A couple of weeks ago, I attended my first concert ever. I had always envisioned this first experience as a crowded arena surrounded by smoke and illuminated by a spectrum of bright lights. As it was, however, my first concert was a country music spectacle at a small nightclub in downtown Boston. I had always badmouthed country music simply because it sounded whiny, and I would always get an unwanted mental picture of the stereotypical "hick"--not exactly the best reason to dislike the genre of music. I figured I would give it a chance anyway. When I walked into the nightclub, I noticed something I hadn't really expected. I was the only minority there. In South Texas, I could go anywhere and see faces as brown as mine. In that room, a sea of white and cowboy hats surrounded me. I didn't really feel awkward nor did I feel very much out of place. It was just a situation I had never been in. It was different. When the music started blaring, I found myself tapping to the beat of the drums and swaying from side to side. By then, I was just another listener getting his money's worth on a Friday night. I was getting a taste of something new, and it wasn't as bitter as I thought it would be. Even though I was immersed in a different culture, it wasn't as if anything was making me more like them. I wasn't becoming any less Mexican either; I was becoming more American. I felt as though they were sharing something that was distinctly theirs with me. It wasn't American because it was something different but because I made it my own, even if it was just for one night.

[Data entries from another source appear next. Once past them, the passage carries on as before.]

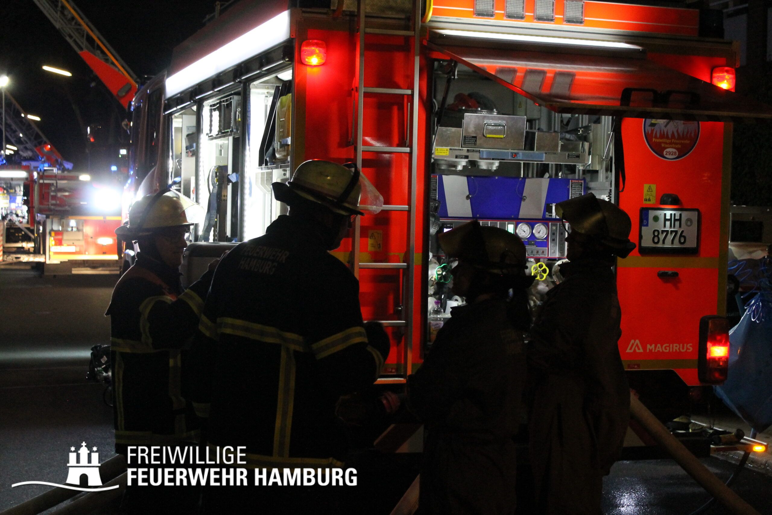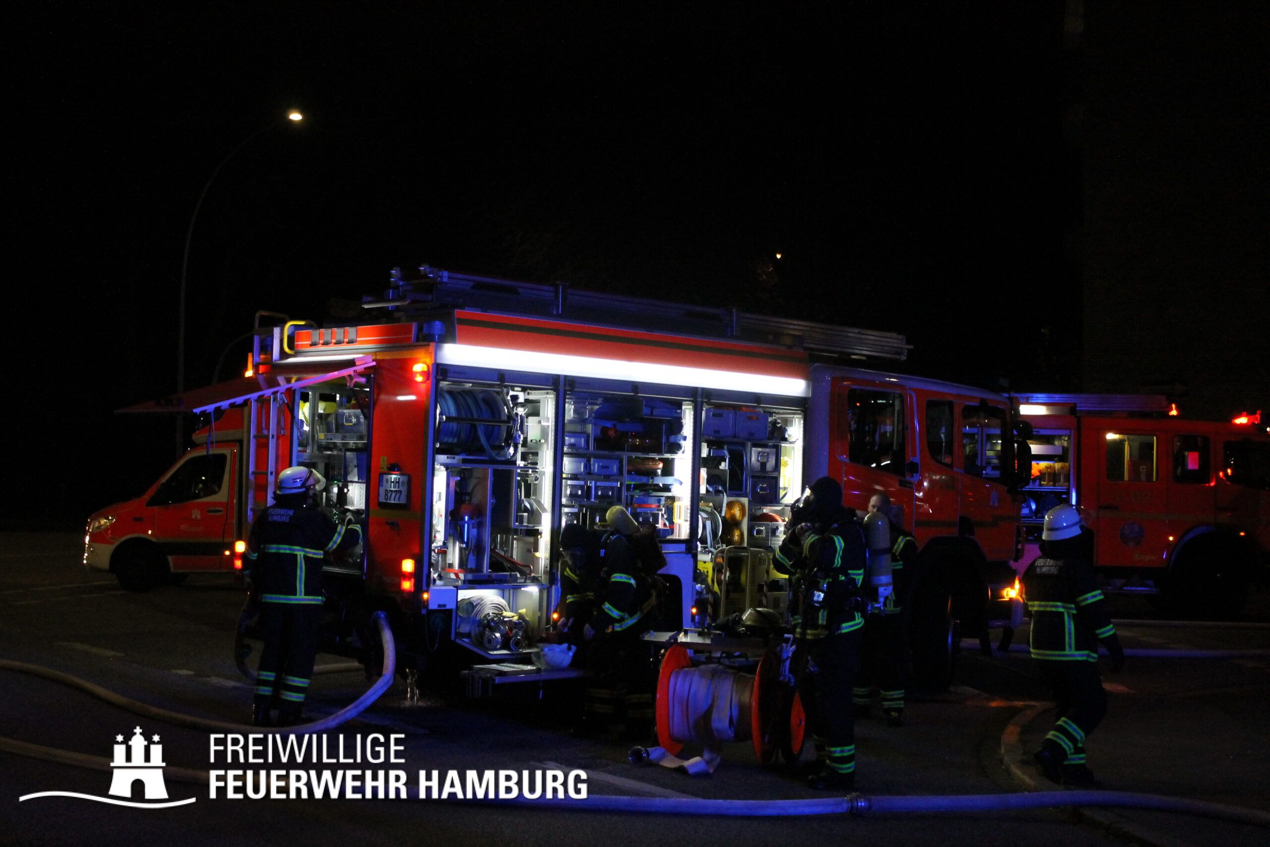 Nach ca. 7. Stunden konnten die letzten Einsatzkräfte die Einsatzstelle verlassen. Die Feuerwehr Hamburg war mit ca. 130 Kräften der Berufsfeuerwehr und der Freiwilligen Feuerwehr vor Ort.
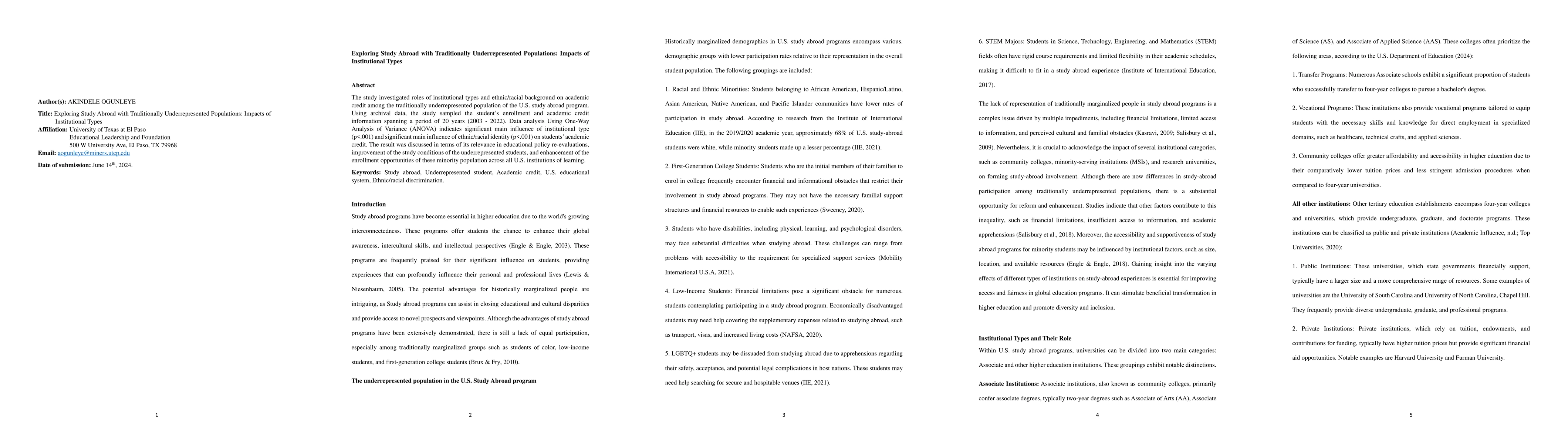 This study analyzes the impact of institutional type and ethnic/racial background on academic credit earned by traditionally underrepresented students in U.S. study abroad programs. Findings from archival data spanning 2003-2022 using ANOVA reveal significant influences of both factors, suggesting implications for educational policy and minority enrollment improvements.
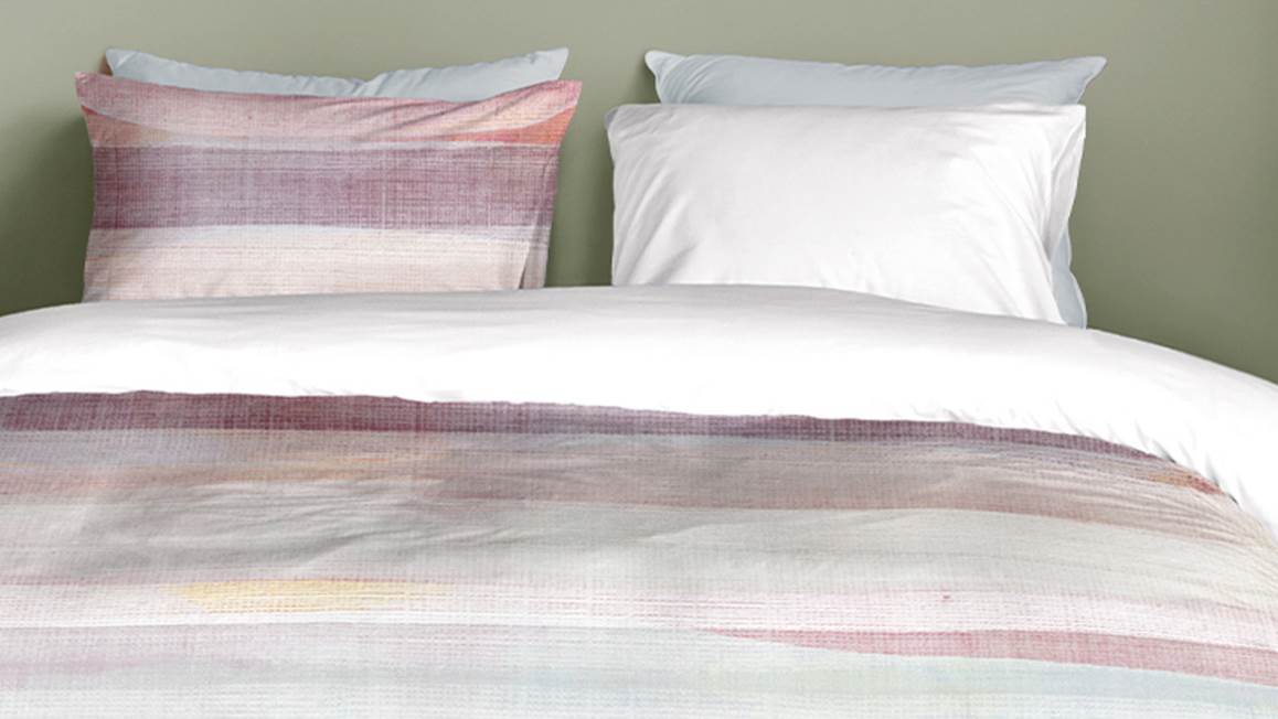 Geef jouw slaapkamer een vrolijke en kleurrijke touch met het Snoozing Wisp dekbedovertrek. Het ontwerp bestaat uit grafische strepen in zachte pasteltinten. Deze lopen over van roze naar lichtblauw. Doordat het net lijkt alsof ze met waterverf geschilderd zijn, ziet het geheel er erg artistiek uit. Met de effen witte achterzijde creëer je een strakke omslag. Ook kun je afwissel tussen beide prints voor een frisse Scandinavische look. De bijbehorende kussenslopen bevatten beide prints om de look compleet te maken.
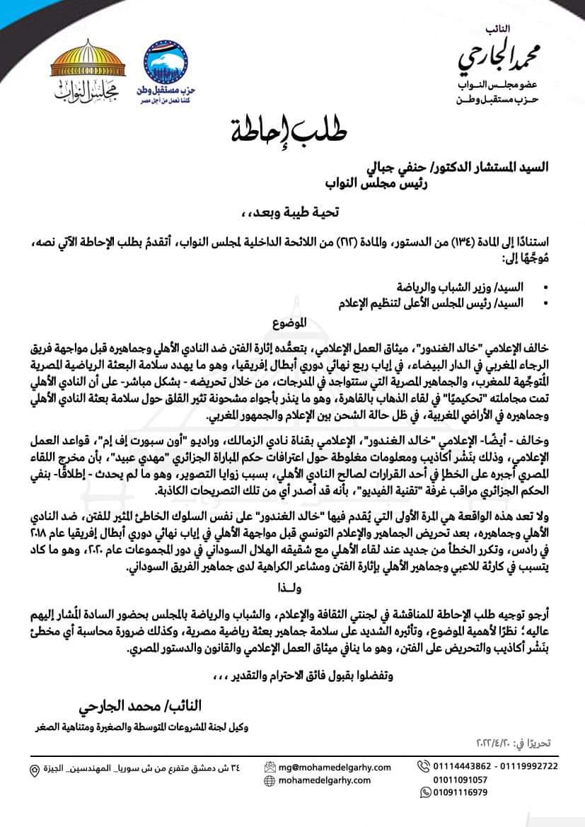 تقدم محمد الجارحي عضو مجلس إدارة النادي الأهلي ومجلس الشعب بطلب إحاطة في الساعات القليلة الماضية إلى الدكتور حنفي الجبالي رئيس مجلس النواب نظراً لما يقوم به الإعلامي خالد الغندور بتعمد إثارة الفني ضد النادي الأهلي وجماهير قبل مواجهة فريق الرجاء البيضاوي وفقاً لما ذكره في خطابه.

Not too long after that night, I found myself in the reverse situation. This time, however, I was on the other side. I attended a small Mariachi concert by some friends on my college campus. The venue was set up to recreate the feel of Mexico. The food there could have used a bit more chile , and the piñata was the smallest I had ever seen. Nevertheless, when everyone and the music were brought together, I could sense a very homey feeling. I knew who I was. I could taste it in the rice, I could hear it in the trumpets, and I could see it in the faces of my friends, my people. As I looked around and saw people who appeared new to the Mexican culture, I smiled. I remembered that night at the country music concert and what it was like to experience something new. I was proud to be sharing those moments with the non-Mexicans in the group, and I felt enlightened and blessed to have been on both sides of the situation.

I had never before felt so connected to so many people. We were sharing more than just music and good times. We were imparting to each other personal memories and experiences very sacred to our beings. The man who walked out of that nightclub was not the same man who went in. At heart, I was still as Mexican as I will always be, but the experience enriched my "Americanness". I hope that the Mariachi concert had a similar effect on those non-Mexicans attending. More importantly, I hope that people realize the significance of understanding their own cultures so that they may share them with others and induce the kind of cultural awareness that I experienced. After all, it is only through self-understanding that we can even begin to understand each other. We must know who we are before we can truly become Americans. Thus I say: I am Mexican-American and in that order.